Convolutional Neural Networks on Randomized Data
Pith reviewed 2026-05-24 16:18 UTC · model grok-4.3
The pith
Randomizing image pixels destroys local hierarchies and leaves standard CNNs unable to capture the resulting long-range correlations.
A machine-rendered reading of the paper's core claim, the machinery that carries it, and where it could break.
Core claim
By randomizing image pixels the hierarchical structure of the data is destroyed and long range correlations are introduced which standard CNNs are not able to capture. Their classification accuracy is heavily dependent on the class similarities as well as the pixel randomization process. Dilated convolutions are able to recover some of the pixel correlations and improve the performance.
What carries the argument
The pixel randomization process, which removes local correlations while introducing long-range dependencies that fixed-size convolutional kernels cannot efficiently span.
If this is right
- Standard CNN accuracy falls on permuted images relative to the original data.

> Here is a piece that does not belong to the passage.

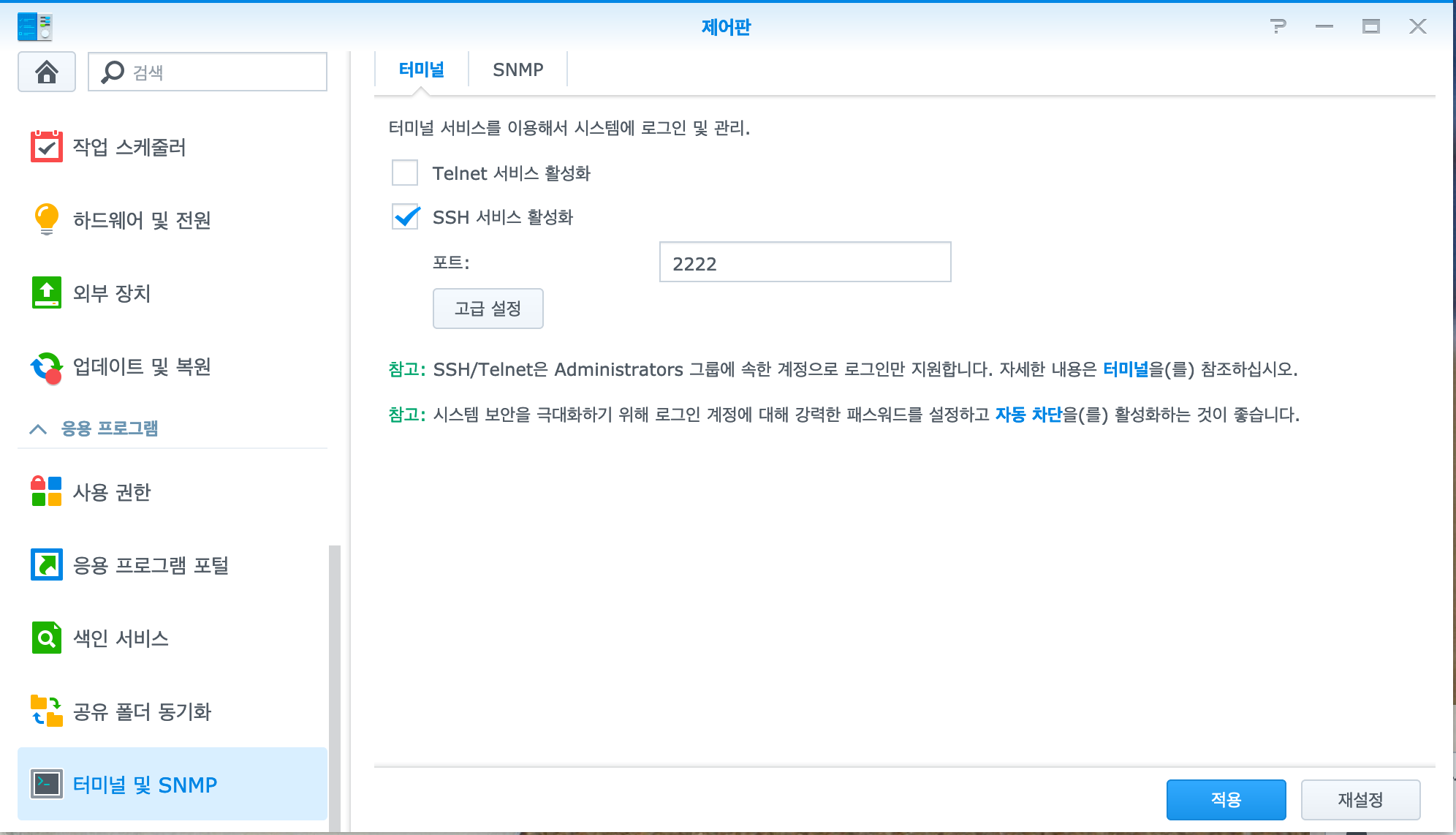 제어판 > 응용 프로그램 > 터미널 및 SNMP > 터미널에서 , SSH 서비스를 활성화하고, 필요에 따라 포트(기본 22)를 변경한다.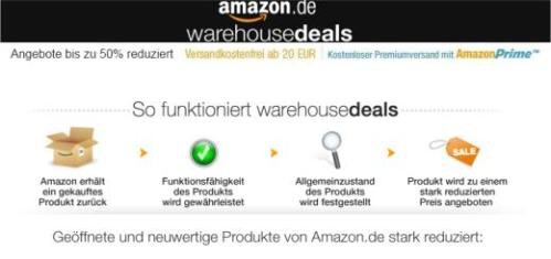 - For some time now, there's the "Warehouse Deals" at Amazon: returns-items will be tested here, and at greatly reduced prices, offered again. The articles are almost always in mint condition and you get the statutory warranty.

- The size of the accuracy drop depends on the degree of similarity between classes.
- Different randomization procedures produce measurably different performance levels.
- Dilated convolutions raise accuracy by spanning some of the newly created long-range correlations.
Where Pith is reading between the lines
- The result suggests CNNs' advantage on images stems from an inductive bias toward locality rather than from a general ability to discover any statistical pattern.
- Architectures lacking a strong locality bias may prove more suitable for tasks whose natural correlations are global rather than local.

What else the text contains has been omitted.